Limitations and opportunities for the future

This study has presented some limitations concerning different aspects. Considering the demographic information of the respondents, we were not able to collect answers in all Brazilian states, and also some regions had low participation, which prevented us to present possible correlations between the user types and demographic characteristics. Considering the age of the respondents, most of them were older than 20 years, therefore, the results here presented might not be applicable to children and teenagers. We analyzed the psychometric properties of the Hexad scale translated to Brazilian Portuguese, however, other countries also have Portuguese as the official language (e.g. Portugal, Angola, Mozambique), and the instrument used in this study might not be the most suitable to be used in these countries.

Based on these limitations, we propose some studies that can be carried out in the future. (i) Following other studies that tried to validate the scale for young people16,17, we propose future studies specifically to analyze the psychometric properties the Brazilian Portuguese scale for adolescents.

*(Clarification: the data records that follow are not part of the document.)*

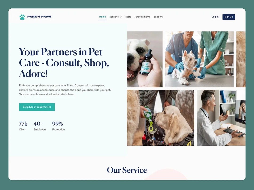 Pet Care Consult ParkPaws delivers a clean, user-friendly website that promotes its dog-walking services through simple navigation and engaging visuals. The site makes it easy for pet-owners to understand services, book walks, and ensure their dogs stay happy and active.
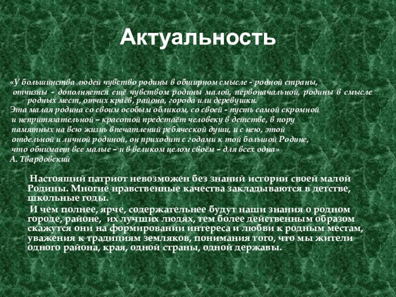 И чем полнее, ярче, содержательнее будут наши знания о родном городе, районе, их лучших людях, тем более действенным образом скажутся они на формировании интереса и любви к родным местам, уважения к традициям земляков, понимания того, что мы жители одного района, края, одной страны, одной державы.
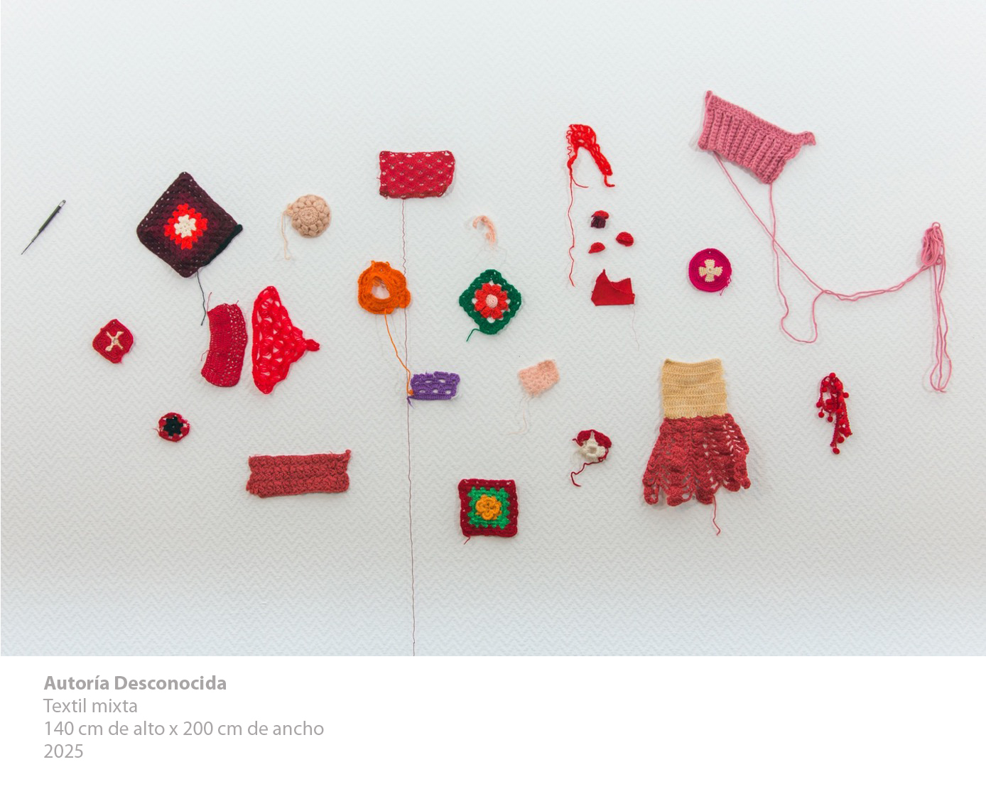Ambas me parecen mujeres radicales, que ponen el cuerpo y el espíritu de una forma muy potente cuando se trata de ser trabajadoras del arte, del campo del arte. Por un lado me parece que las entrelaza la curaduría afectiva, como le llama Corvalán (2015) a ese hacer a contrasentido de un mercado que anula los afectos y sentidos; la curaduría comunitaria que Juracán (2025) busca cada que activa un proceso de investigación y búsqueda de cómo contar nuestras historias y cómo entrelazar los símbolos para que estallen las sensibilidades; lo que Reylli (2019) plantea como activismo curatorial para hacerle frente a una historia del arte que ha negado a la mayoría de artistas, privilegiando cánones y estereotipos. Me honra saber que estamos emplazadas en medio de un trabajo profundo genuino y complejo de colaboraciones; entre la artista y sus ancestras; entre ella y sus redes y algunas personas que se sienten aludidas por su trabajo y le comparten sus historias y pasados en los hilos; entre la artista y la curadora; y entre ellas y el equipo de trabajo que hay detrás de esta muestra.

This validation with younger people can help designers to personalize gamified settings specifically developed for them (e.g. educational gamified environments for adolescents). (ii) Since there were items that did not reach the expected factor loading values in this study, future studies can propose new translations for them as well as new items to measure the Disruptor and Free Spirit sub-scale. These improvements can increase the reliability in these sub-scales and also the power of these items in the measurement of the Hexad user types. (iii) Finally, considering that the countries that have Portuguese as the official language present cultural differences and also some differences in the language itself, future studies can adapt the Brazilian Portuguese scale to other Portuguese-speaking countries, making possible the use of the scale in more locations.

Conclusion

Having models that identify the user types in gamified settings is a current challenge. Although there is already a scale to measure the users’ profile considering gamification aspects (i.e., Hexad), this has not yet been validated in several widely spoken languages (e.g., Brazilian Portuguese), failing to benefit a large number of researchers and practitioners. In this study, we analyzed the psychometric properties of the Hexad scale in Brazilian Portuguese. Our results demonstrated that the Brazilian Portuguese version has good internal reliability, CFA values acceptable or near to the acceptable (needing special attention the Disruptor sub-scale), and that there were overlaps between the user types. These overlaps between the user types as well as the statistical results when modeling the CFA with correlated factors indicate that the best way to conduct CFA of the Hexad scale in the future is considering the Hexad as an oblique model. The study results indicated that the model is close to complete validation, but some items still need to be improved. As future studies, we intend to analyze and adapt the items that presented a low factor loading and then replicate the study with new participants. We also aim to adapt and analyze the psychometric properties of the scale in Portuguese from other Portuguese-speaking countries. Other studies improving the scale could help a considerable number of researchers that conduct studies with Brazilian respondents. Having a validated Hexad scale in Brazilian Portuguese can represent a significant advance in identifying the profile of the users and, consequently, in the personalization of several types of gamified systems.

Ethical statements

This study has been performed in accordance to the Brazilian National Health Council resolution number 510 published on April 7th, 2016, and with the relevant guidelines and regulations set by the Universities involved. Informed consent for participation was obtained from all participants.